Ma mentre il progetto della scuola nazionale dei vigili del fuoco è concentrato su un’unica area del progetto case, quella di recente sgomberata appositamente di Sassa SNC, quello della Centro del servizio civile sarebbe diffuso su più quartieri e ancora “flessibile”, come affermato dal il titolare dell’USRA, Salvo Provenzano e si può vedere in questo documento rilasciato che ne evidenzia anche l’ambiziosità.
A tal proposito, una sensazione che ho avuto dalla discussione in commissione, è che a decidere sul futuro dell’Aquila ormai siano i tecnici mentre la politica amministra per quel che può.

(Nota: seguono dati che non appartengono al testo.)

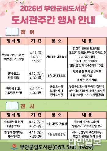 한민일보 서울포커스 김용택 기자 | 부안군립도서관은 2026년 도서관의 날(4월 12일)과 도서관주간(4월 12~18일)을 맞아 지역 주민들을 위한 다채로운 독서 문화 행사를 운영한다고 밝혔다.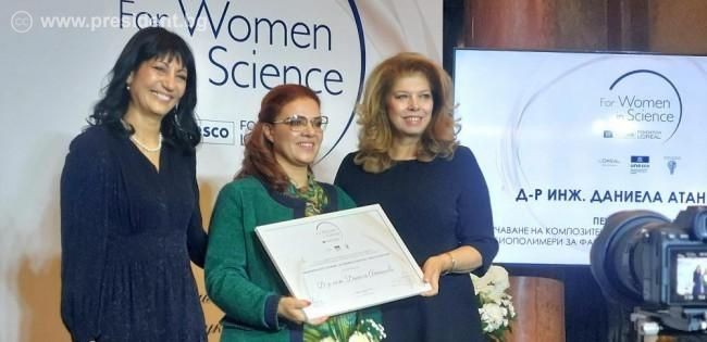 Д-р инж. Даниела Атанасова, отличена за проект за композитен материал от памучен плат с биополимери за фармацевтични и козметични приложения;

Ad esempio chi ha deciso che sia opportuno utilizzare, per accogliere gli studenti e/o le strutture della Centro nazionale del Servizio Civile, l’area centrale del Progetto Case di Sant’Antonio? In base a quale idea di città sarebbe stata fatta questa scelta? Per gli interessi prioritari di chi? Perché togliere, anche in parte, alla popolazione residente all’Aquila un’area così? Era già disponibile il quartiere totalmente vuoto di Coopito 2, perché non si è usato quello che sembra molto adatto? Sì lì ci sarebbe una delibera per cui andrebbe destinato a un progetto dell’INGV il cui iter però si è impelagato in un contenzioso, ma forse sarebbe il caso di rivederle alcune scelte in base agli obiettivi che ci si pone, sempre che quest’Amministrazione abbia degli obiettivi, certo.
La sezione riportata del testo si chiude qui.